By Eduard Nisenboim
When Russia exited the 2002 FIFA World Cup after a 3-2 defeat by Belgium, striker Aleksandr Kerzhakov and his young team-mate Dmitri Sytchev were pictured teary-eyed in Russian sports daily Sport Express. The headline read: "There is hope while the boys cry." Defeat hurt the youngest players the most; since then they have led the fightback.
Russia may have crashed and burned under Oleg Romantsev in Korea/Japan, but as the newspaper predicted, the young elements in the Russian squad have continued to develop. Now only a two-legged play-off against Wales stands between Georgi Yartsev's Russia and a place at UEFA EURO 2004™.
Kerzhakov has epitomised that progress. With 15 caps and three goals for his country, the 20-year-old has matured into a man in the last year, helping unfancied FC Zenit St. Peterburg to finish second in the Russian Premier League in the 2003 season. He now looks a certain starter, alongside Dmitri Bulykin, in the first leg of the play-off on Saturday.

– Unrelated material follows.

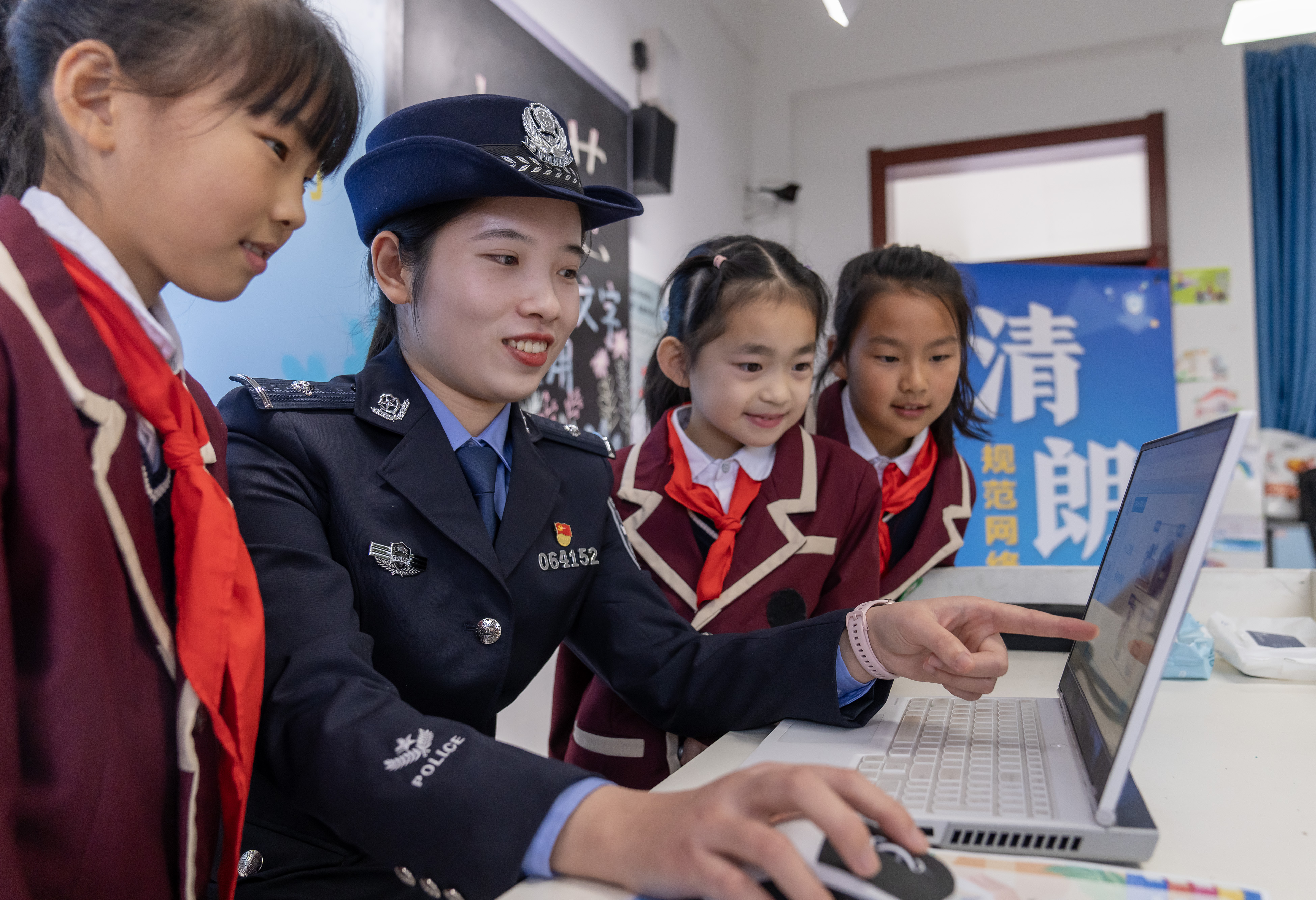 11月19日,民警對(duì)小學(xué)生開展“清朗·規(guī)范網(wǎng)絡(luò)語(yǔ)言文字使用”主題宣傳。翟偉凱 攝
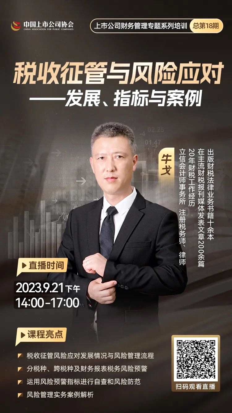關(guān)于舉辦“上市公司稅收征管與風(fēng)險應(yīng)對——發(fā)展、指標(biāo)與案例”(直播)的通知

It is a hugely important game for Russia, and as Kerzhakov told uefa.com, his side are not underestimating Wales. "
It is stupid to talk about any lack of strength in a team which beat Italy and should have finished first in their group," he said. "I think Russia are stronger than Wales, but there is no point talking about it - we need to show it on the pitch. From what I've seen on TV, the Welsh are very quick and they can be a headache."

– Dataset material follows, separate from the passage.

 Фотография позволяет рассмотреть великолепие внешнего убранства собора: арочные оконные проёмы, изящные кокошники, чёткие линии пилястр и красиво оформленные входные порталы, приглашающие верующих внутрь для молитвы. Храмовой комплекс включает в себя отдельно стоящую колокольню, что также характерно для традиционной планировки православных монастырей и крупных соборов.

The striker cited winger Ryan Giggs as the greatest Welsh threat. "For me, Wales as a country is synonymous with the Manchester United [FC] player," he said. "Sometimes he's unbelievable. Look at his last game - he scored twice against Liverpool [FC]."
Against such quality opposition, Kerzhakov is convinced that concentration is paramount, and with a difficult season behind them, he maintained that his team-mates do not lack the right temperament. "The responsibility spurs you on rather than bothering you," he said. "The most important thing is to be believed in.

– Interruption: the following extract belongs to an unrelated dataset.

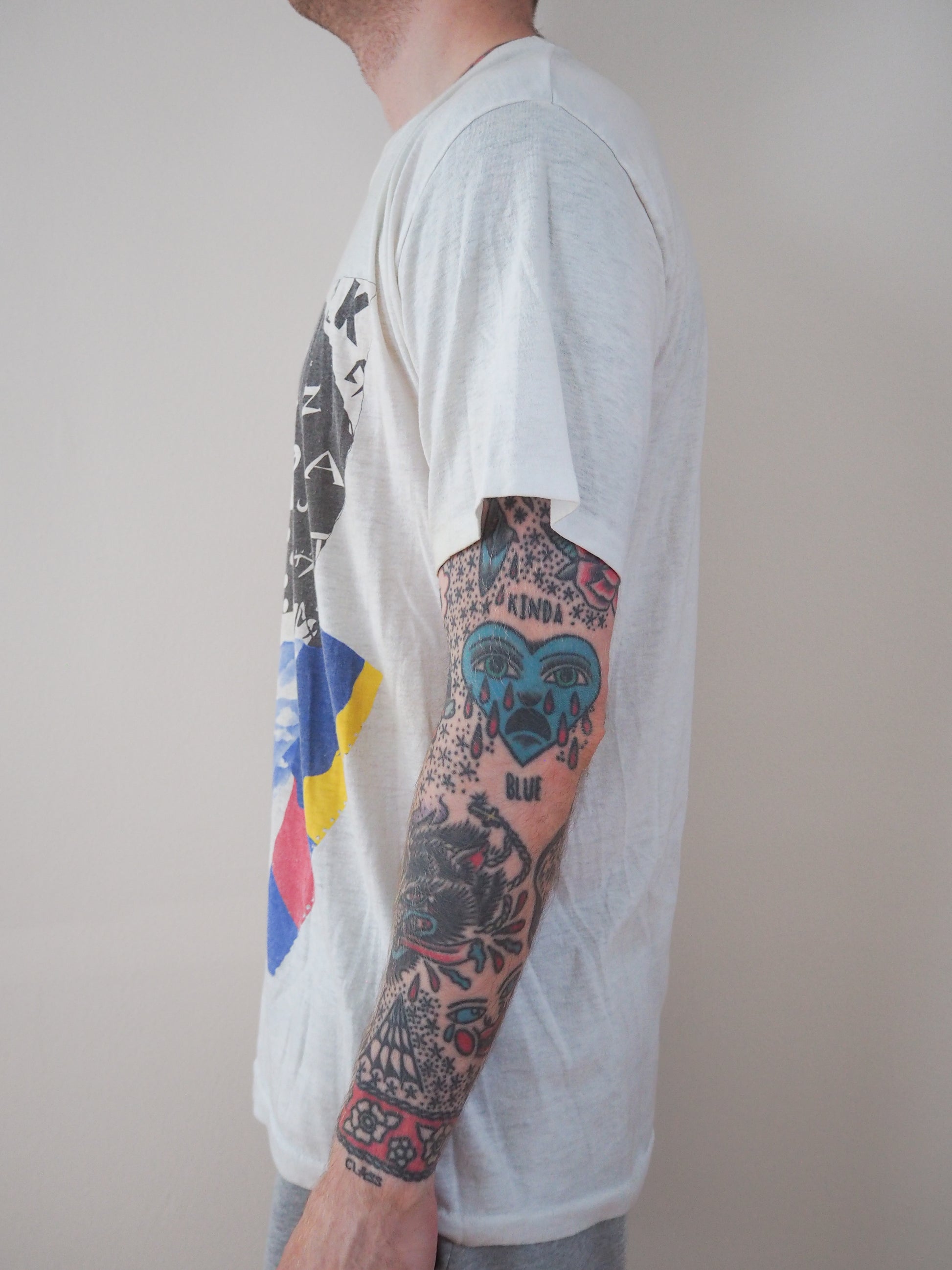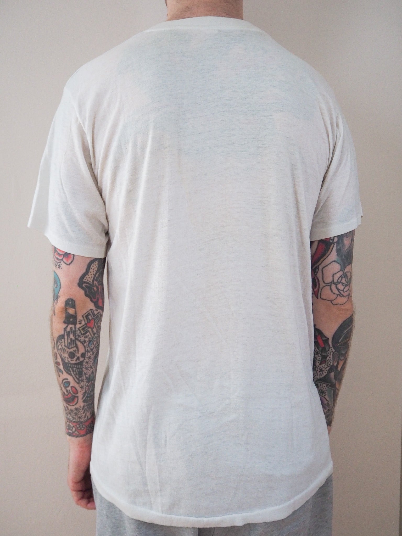 Printed on a 80s tagged XL. Some light staining throughout. Amazing fade. Single stitched top and single stitched bottom.

We've given people hope - it means we can fulfil our task."
Russia will play the first leg of the tie in Moscow at the Lokomotiv stadium, having returned to winning ways under Yartsev after defeats against Georgia, Albania and Israel cost Gazzaev his job. As recent results have proved, the change of coach has not upset the players too much.
"Changing a coach is a normal thing in football," said Kerzhakov. "Last season at Zenit we had three coaching changes and we got used to it. First, you're trying to find out who the new coach is, what it's like working with him. Then comes the first training session and it all settles. I was not nervous when Yartsev was appointed and the results tell you everything about him."
While Kerzhakov has not been a prolific scorer for Russia, Yartsev has kept faith in him for his other qualities on the pitch. The striker himself has been unconcerned by his form in front of goal. "I don't see anything dramatic about myself not scoring for the national team," he said. "It is more important that we win. I would trade all my possible goals for a place in Portugal."
Kerzhakov turns 21 on 27 November. Should he manage to help Russia to book that trip to the finals, it could be a party to remember.